In conclusion, then, I will say this much: I'm not sure what the purpose of writing this book was. One author had a business, sold it, was unemployed for a while and all of a sudden he is an expert on what it means to get up every day and go to work as a Christian. Meh. Too many principles have no meaning because they speak only his experience. He had a couple of crisis moments in life (unemployment, birth of a child) but so what? Many of us have. That doesn't mean we were somehow, now, experts with books in the wings. And what's ironic is that his angst wasn't born out of his every day work, which he evidently did well, but out of his unemployment for a spell. And if that's not bad enough, he goes on to write, "Are you unemployed right now? Even then, you need to understand your assignment from God, right now, is to be unemployed" (90).
I spent 10 months unemployed once. I had lost three jobs in a span of 2.5 years. I cannot imagine a minute that that was God's assignment for me. It was the most miserable 10 months of my life. I cannot imagine why God wanted me to be that miserable. And if I'm reading this book, and I'm unemployed, and I come across those words....then I'm closing this book and never heading to the nearest church.
There is nothing earth-shattering or ground-breaking about this book. I detect a bit of Reformed Theology under girding the ideas in the book which is an issue as bothersome as their poor use of Scripture to make 'points.' There are helpful moments, but there are not enough to outweigh the utter absurdity of much of what was written.
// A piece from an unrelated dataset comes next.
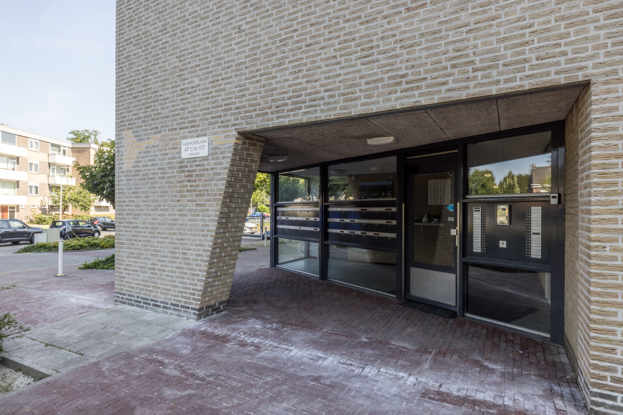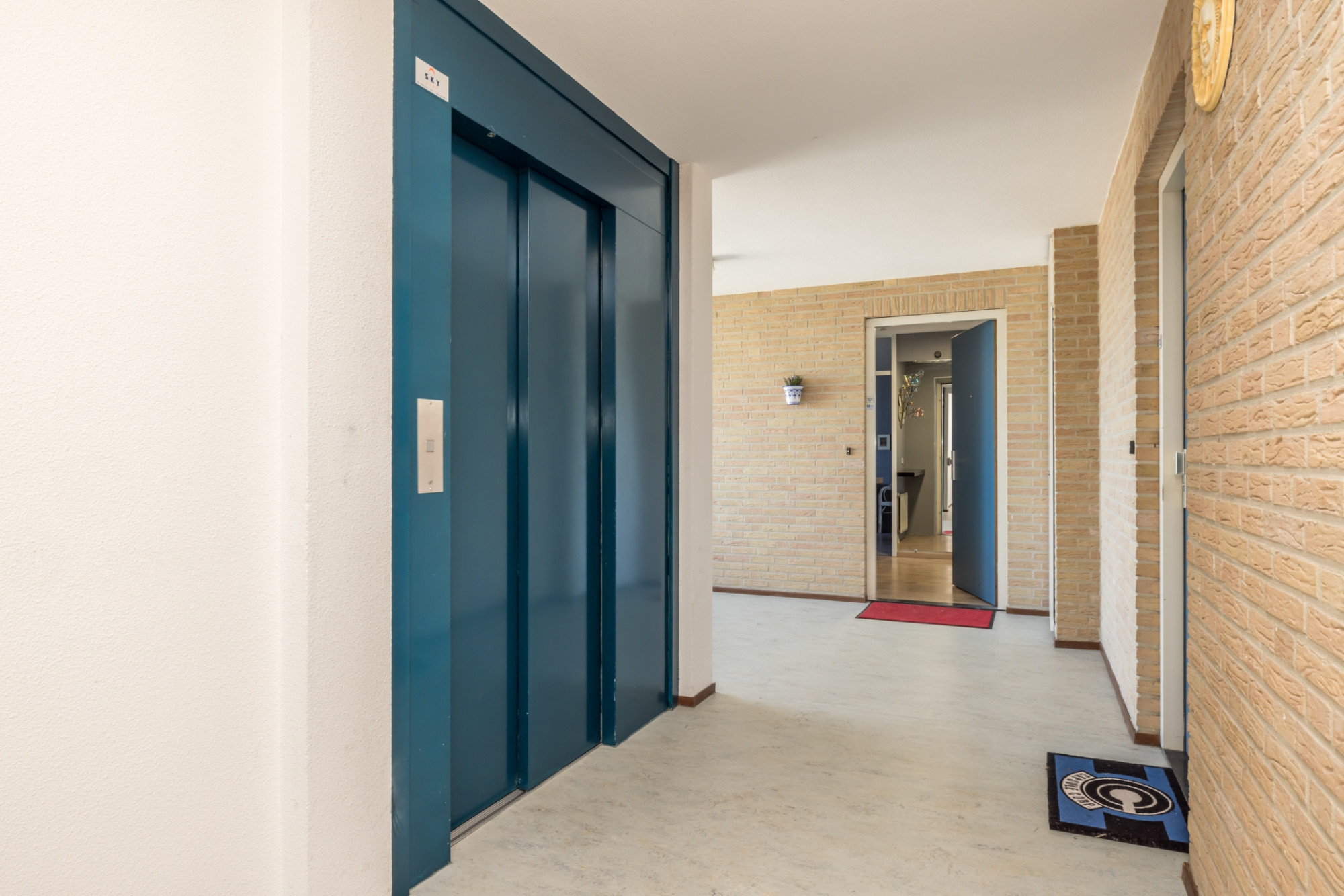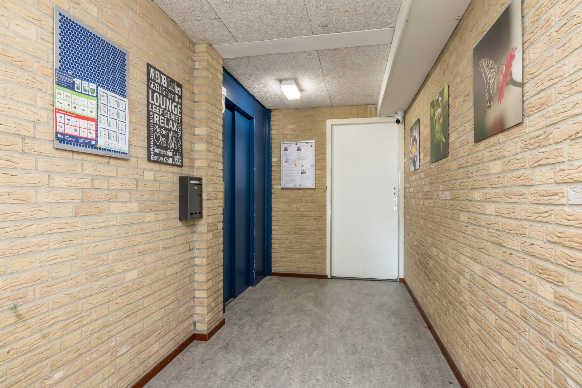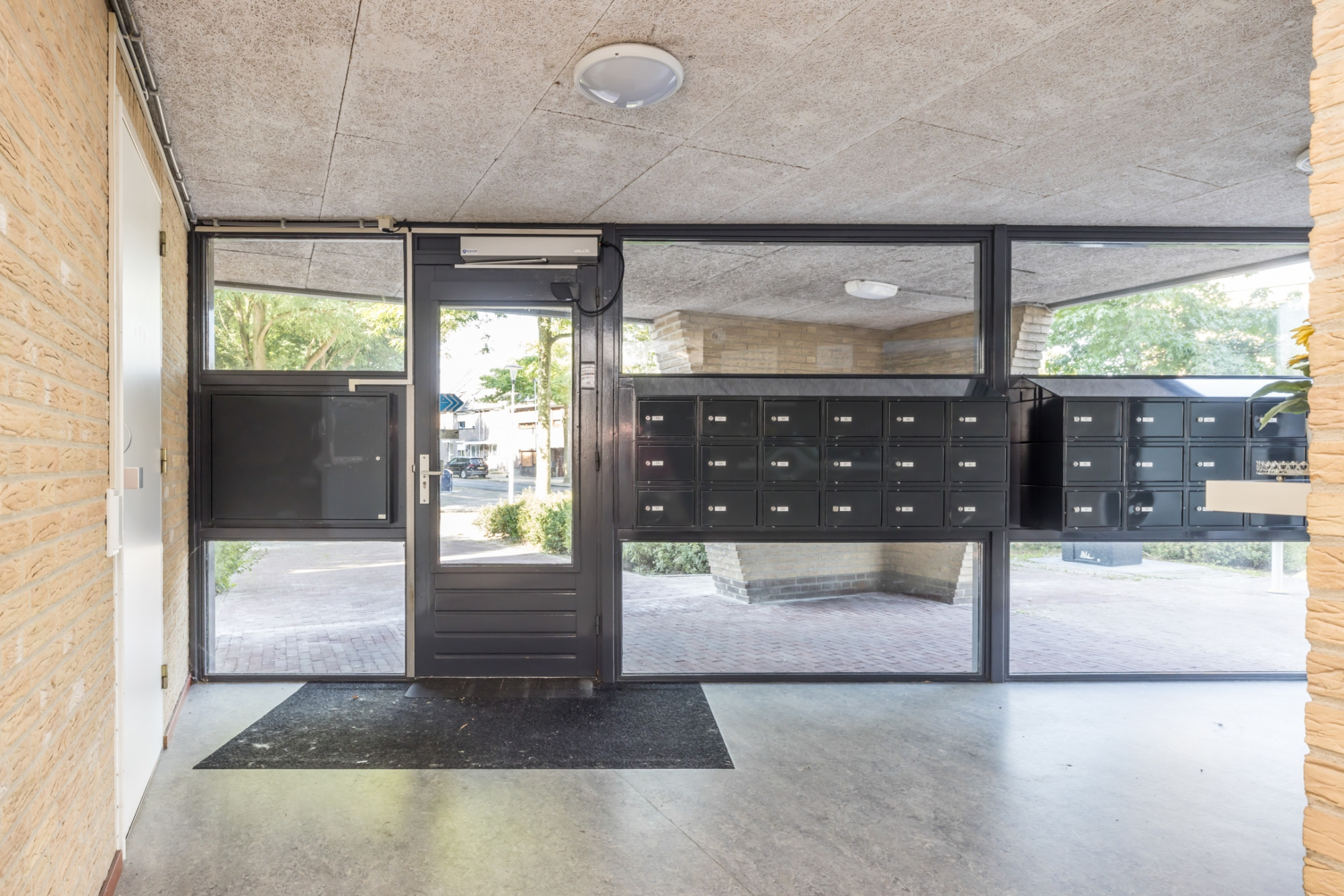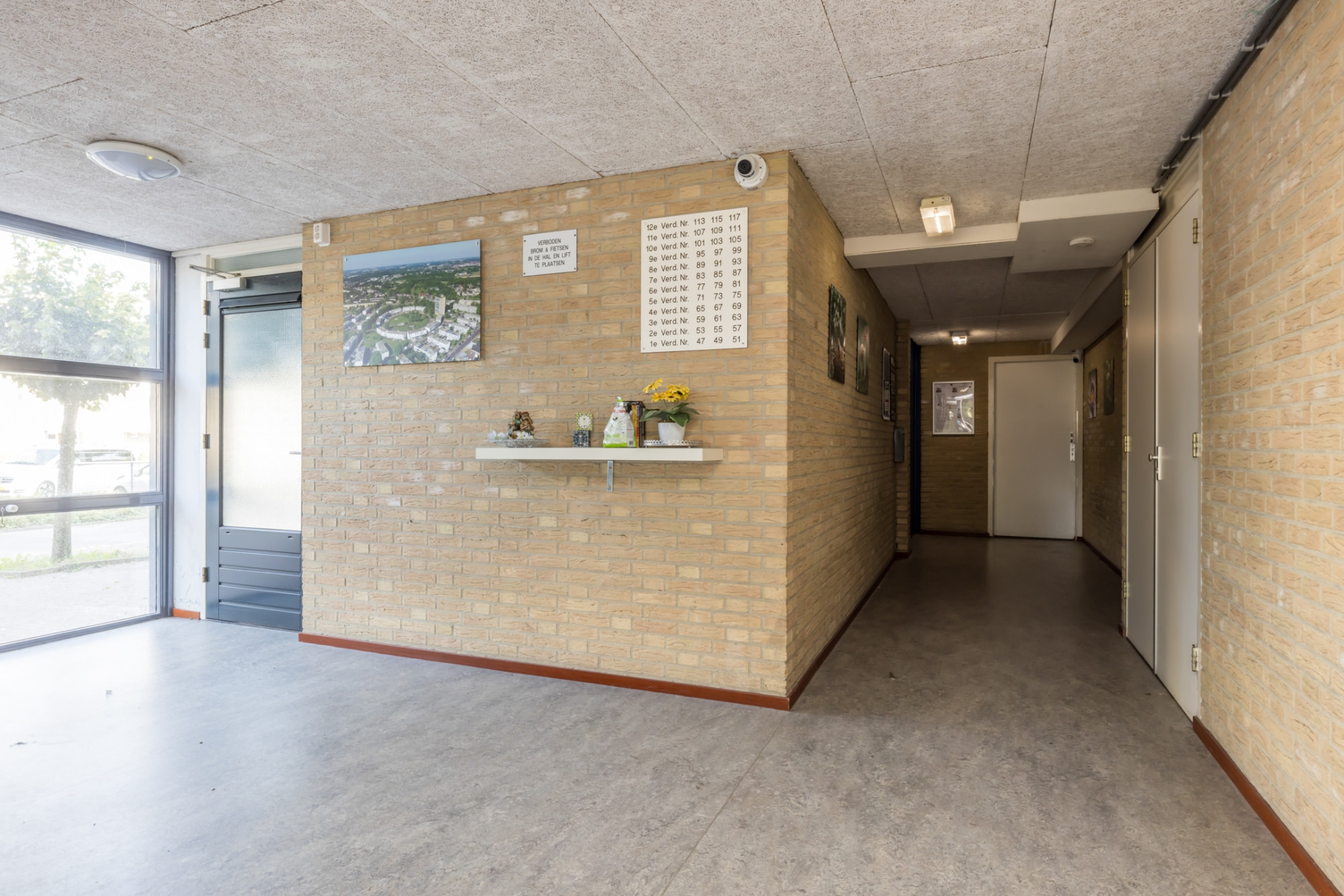Representatieve entree met bellentableau en brievenbussen. Centrale hal met trappenhuis en lift.
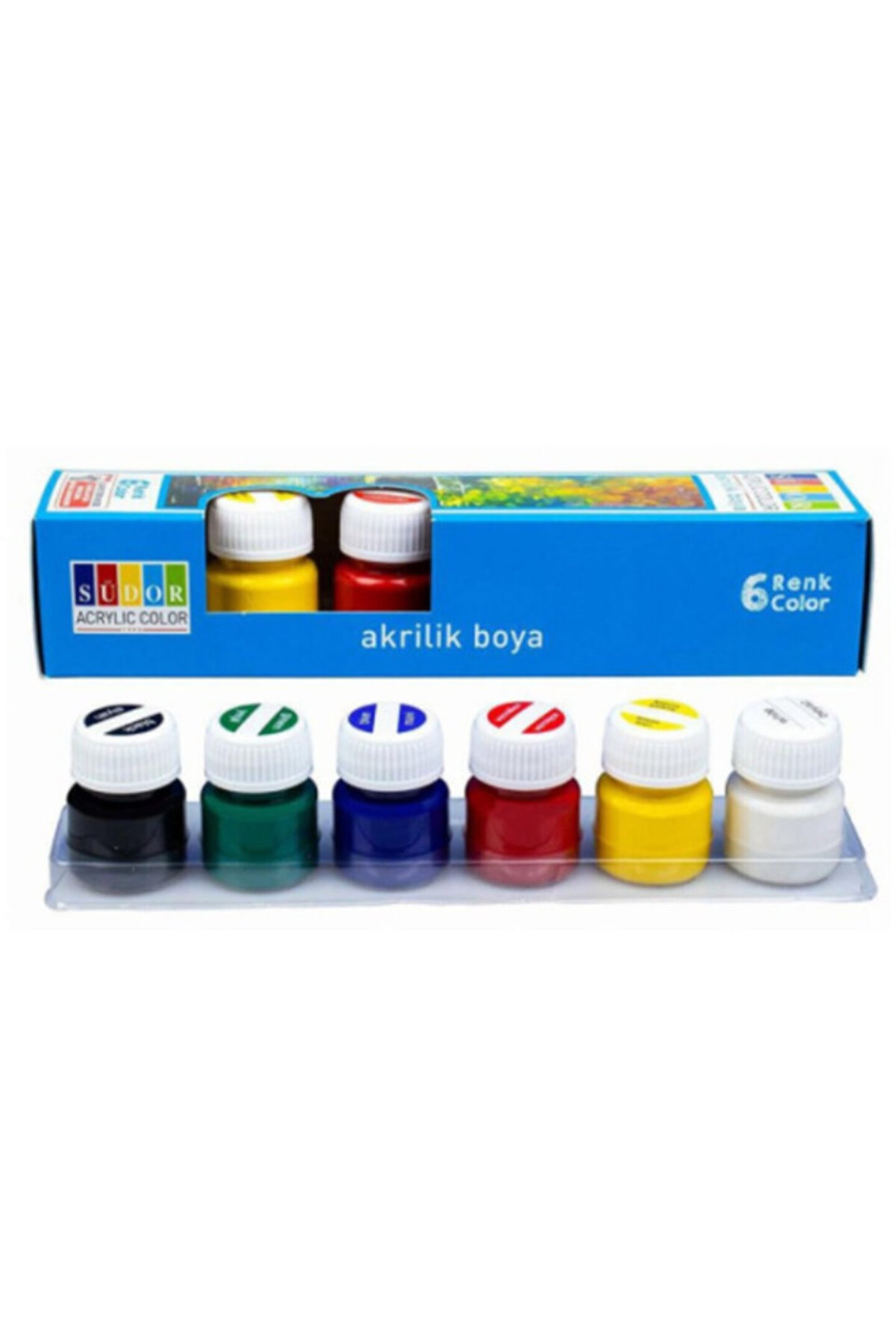 Südor akrilik boya 6 renk x 15 ml şişe ; Tüm ahsap zeminlerde, kagit, karton, cam, seramik ve metal yüzeylere uygulanabilir. ; Kuruduktan sonra örtücü ve mattir. ; Solvent içermez. ; Su ile inceltilerek renkler karistirilabilir. ; Parlatmak için südor parlak vernik kullanilir. ;

For example, I was unsure why it's OK to give up family time to be at church, but it's not OK to give up church time to be with family (see 94, 95).
I didn't like this book at all. From the very first pages when David Platt announced, without any justification, that retirement is 'unbiblical' I was bored. The book is not short on platitudes or cliches or hyperbole or legalism. Meh.
1/5
PS. On page 25, the authors make reference to 'little golden statues that Indiana Jones swiped from the Temple of Doom.' It wasn't the Temple of Doom that featured the scene of Indiana Jones swapping a small golden statue. It was the opening scene of Raiders of the Lost Ark.